So Venetians are a viable race in my campaign. The character must be over 600 years old (with them being restricted to five career grades) if they want to play a full blooded Venetian, but if someone wants to play a Venetian they are welcome to. Otherwise they can play a Half-Venetian who isn't inherently psionic, although with a flexi-stat they CAN be psionic if the player so desires. There could also be an ancient (fertile) off-shoot of the Venetian race out there in unchartered space unbeknownst to anyone else.

Whether or not other races (including humans) are psionic is a group decision. Venetian monasteries do teach psionics to those who wish to learn psionics. But anyone who attends them must conform to the monasteries philosophy. Overall though, the monasteries have since fallen out of favour following the Great Galactic Wars.

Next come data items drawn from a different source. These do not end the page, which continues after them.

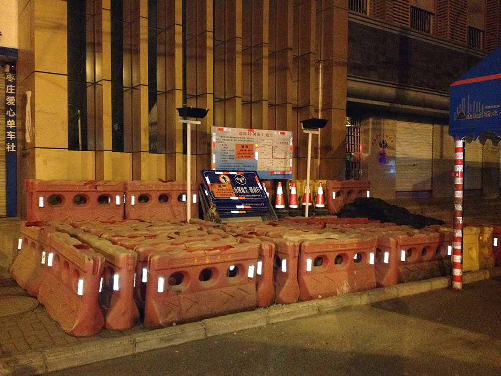 學(xué)校門(mén)前,設(shè)立學(xué)生通道;醫(yī)院門(mén)前,設(shè)立專(zhuān)用救護(hù)車(chē)通道;銀行門(mén)前,設(shè)立運(yùn)鈔車(chē)專(zhuān)用通道;各個(gè)路口在進(jìn)行圍擋前一日,進(jìn)行道路警示牌安全以及施工通告散發(fā)。道路施工完畢,項(xiàng)目部將所有施工材料(如:硬質(zhì)圍擋、大小水馬、路障、安全警示牌、安全警示標(biāo)語(yǔ)以及道路通示牌等材料)進(jìn)行合理化一的規(guī)整。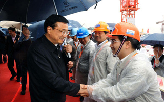 4月19日,中共中央政治局常委、國(guó)務(wù)院副總理李克強(qiáng)出席浙江三門(mén)核電一期工程開(kāi)工儀式,宣布開(kāi)工并看望工程建設(shè)者。這是李克強(qiáng)與工程建設(shè)者親切握手。李濤攝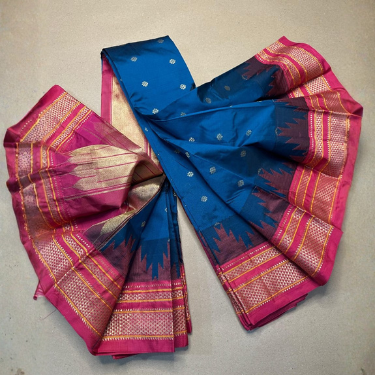 Step into timeless elegance with this exquisite Ilkal Temple Butta Saree, designed with the cultural richness of Karnataka’s weaving heritage.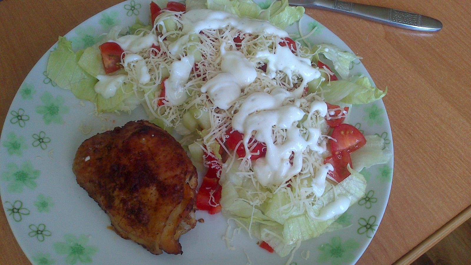 Obed grilované morčacie mäsko marinované v jogurte s cesnakom a uhorkový šalát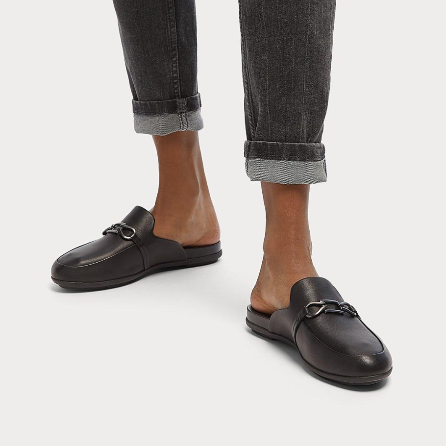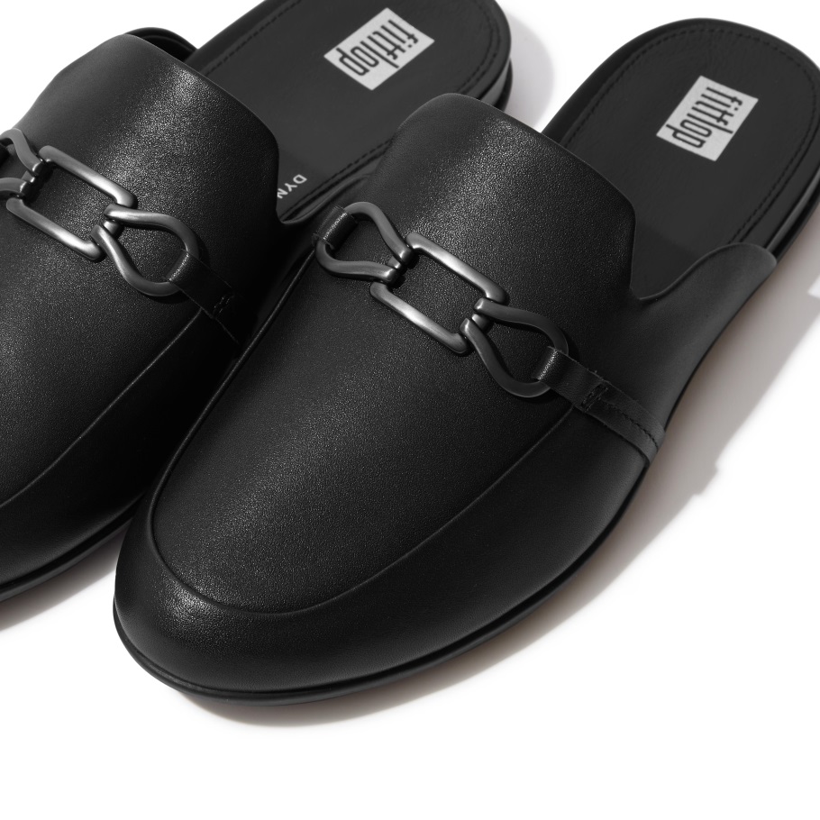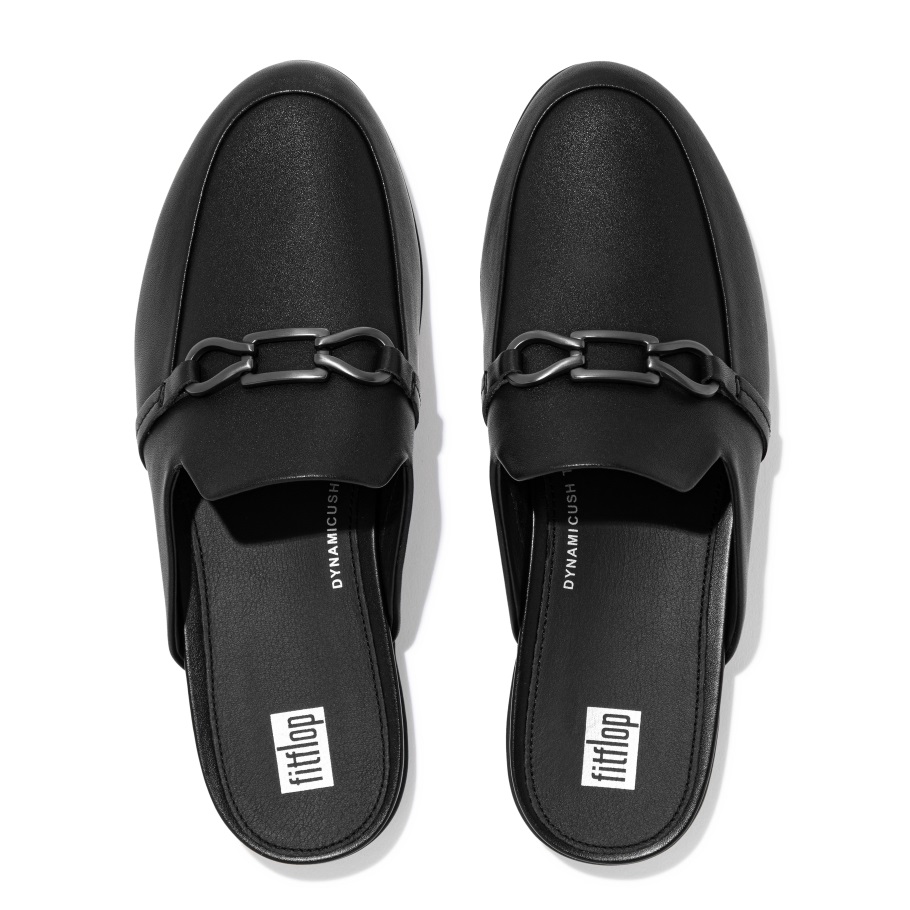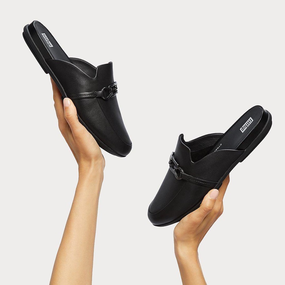 Fitflop Gracie Pantoletten Aus Leder Mit Kette, Ganz In Schwarz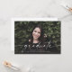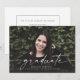 Diese vollständige Ankündigung von Foto Abschluss enthält das Wort "Graduate" in weißer Schrift auf der anderen Seite geschrieben. Es hat Platz für den Namen des Absolventen, das Klassenzjahr und die Schule. Die Rückseite der Karte kann für eine persönliche Nachricht oder für die Einladungsdetails der Graduiertenparty verwendet werden.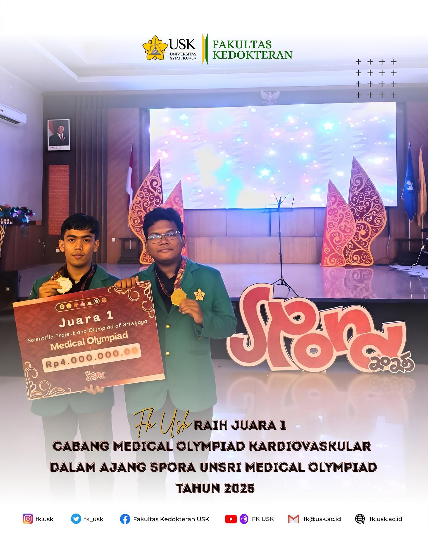 Alhamdulillah, kembali mendapatkan kabar bahagia, mahasiswa FK USK, Luthfi Hamda dan M. Farras Munawwar meraih Juara 1 Cabang Medical Olympiad Kardiovaskular dalam ajang SPORA UNSRI Medical Olympiad Tahun 2025...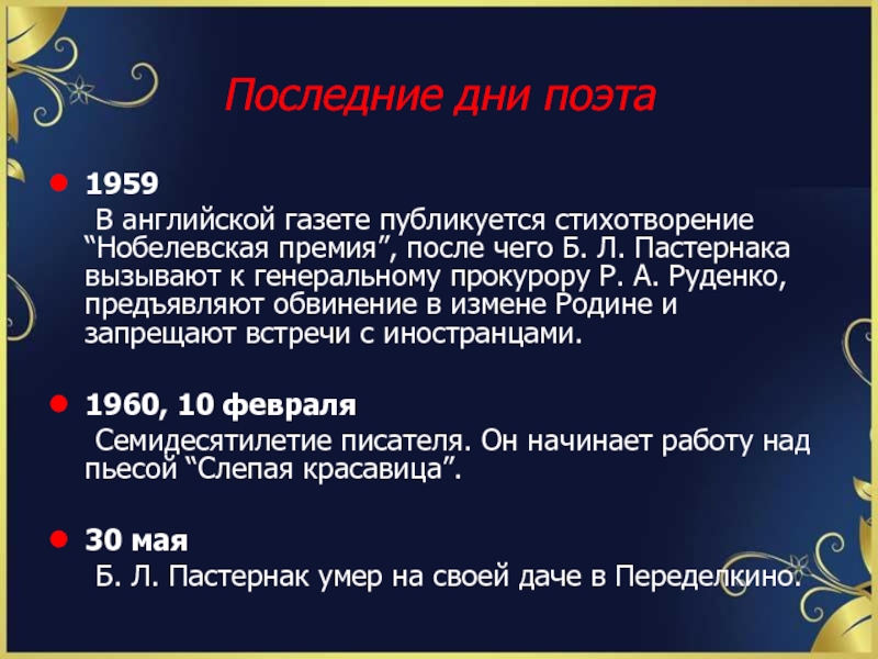 Слайд 15Последние дни поэта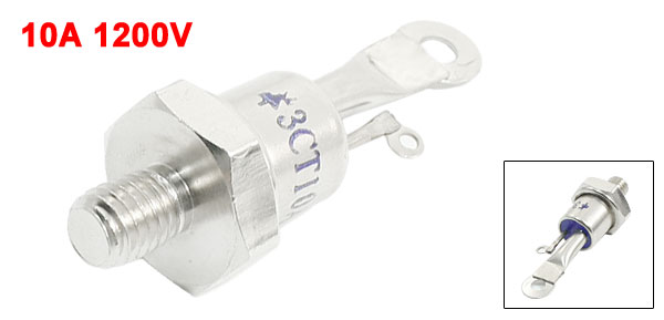 Product Name Phase Control Thyristor Model 3CT10A / KP10A Average Forward Current 10A Repetitive Peak Reverse Voltage 1200V Thread Dia(Approx) 7mm / 0.28" Overall Size(Approx) 56 x 18mm /2.2" x 0.71"(L*W) Hole Dia 4.2mm/0.16", 2mm/0.08" Material Metal Color Silver Tone Weight 18g Package Content 1 x Phase Control Thyristor - Reviews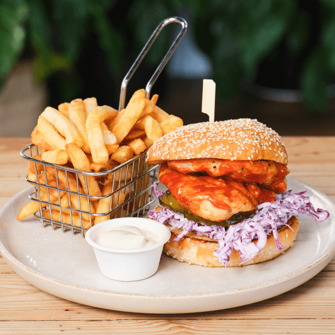 Crispy chicken tenders tossed in gochujang ketchup with red-cabbage slaw & pickles on a toasted milk bun. |
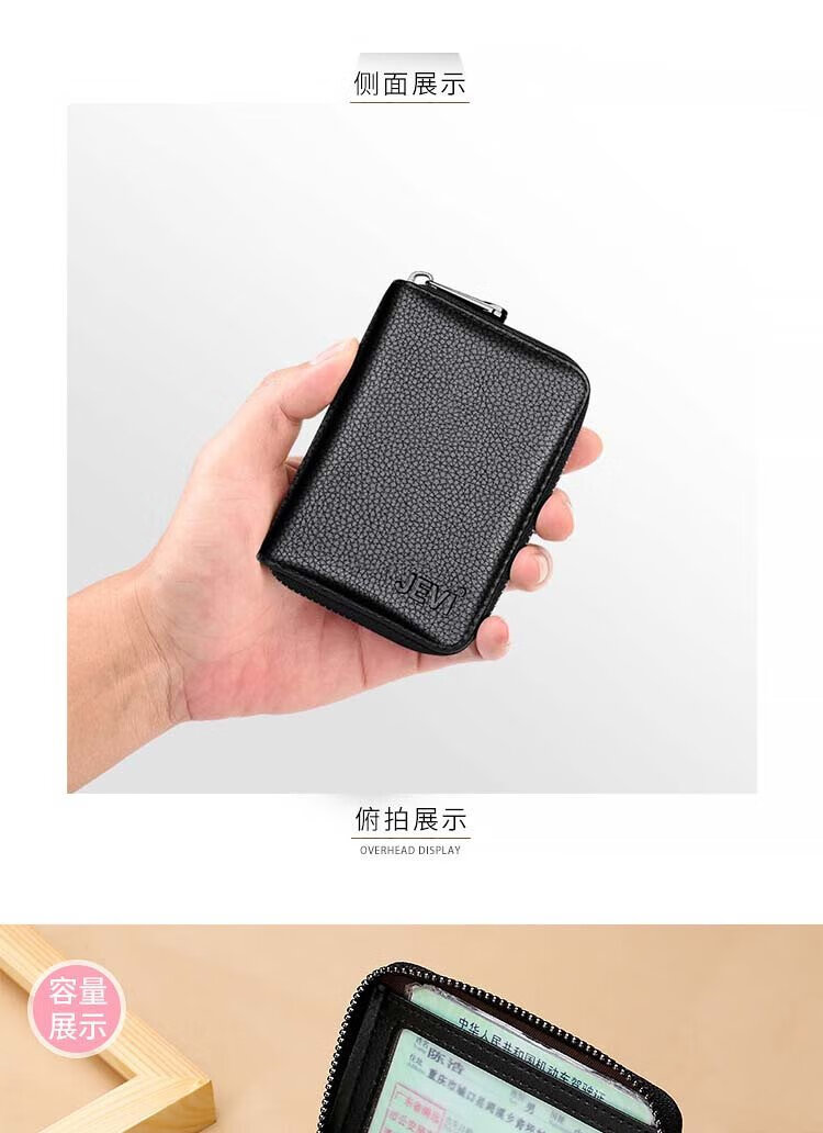 JEVI card holder for men and women, exquisite and fashionable, compact, multi-card slots, large capacity, ultra-thin ID slots, bank card holder, anti-degaussing

So there's a high-level snapshot of the setting I'm fine tuning. What are other people building?


----------



## Morrus (May 1, 2016)

That sounds awesome! I can't wait to see some of the stuff you build for it! Right now Aaron-Infante Levy is writing an adventure set in a colonized Sol system about 200 years in the future, with no FTL; it's AL 6-7 (very _The_ _Expanse, Aliens,_ that sort of feel). It's just one adventure at present, but I have a feeling it will organically expand into a full setting which covers just our solar system.


----------